Ultra-High-Precision Detection of Single Microwave Photons based on a Hybrid System between Majorana Zero Mode and a Quantum Dot

The ability to detect single photons has become increasingly essential due to the rise of photon-based quantum computing. In this theoretical work, we propose a system consisting of a degenerate two-state quantum dot (QD) side-coupled to a superconducting nanowire. The coupling opens a gap in both the QD mode and the Majorana zero mode at the nanowire edge, enabling photon absorption in the system. We show that the absorbed photoelectron decays via rapid (sub-nanosecond to nanosecond) nonradiative heat transfer to the nanowire phonon modes rather than by spontaneous emission.

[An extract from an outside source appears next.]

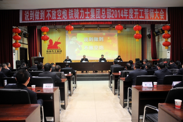 随着一(yi)聲聲莊嚴的(de)承(cheng)諾,2月11日(ri),鐵騎力(li)士集(ji)團(tuán)總部(bu)2014年(nian)度開工(gong)誓師大(da)會在(zai)綿陽(yáng)總部(bu)學(xué)術(shù)報告廳舉行。董事長(zhang)雷文(wén)勇、總裁馮光德(dé)、執行總裁李全、副董事長(zhang)楊秋平及(ji)總部(bu)全體(ti)員(yuan)工(gong)參加(jia)了(le)大(da)會。

Furthermore, we calculate the temperature increase and associated resistance increase induced by the absorption of a photon for a given appropriate set of material and environmental parameters, yielding a temperature increase in the millikelvin range and a resistance increase in the kiloohm range, vastly exceeding the photon-absorption-induced temperature and resistance increases for competing 2D-3D hybrid systems by 5 and 9 orders of magnitude, respectively. Lastly, we determine the detector efficiency and discuss the system density required for deterministic photon number measurement, demonstrating that a photon absorption probability of over 99 percent can be achieved for an integrated system consisting of an array of nanowire-QD complexes on-chip inside a cavity. Our results thus provide a basis for a deterministic microwave photon number detector with an unprecedented photon-number-detection resolution.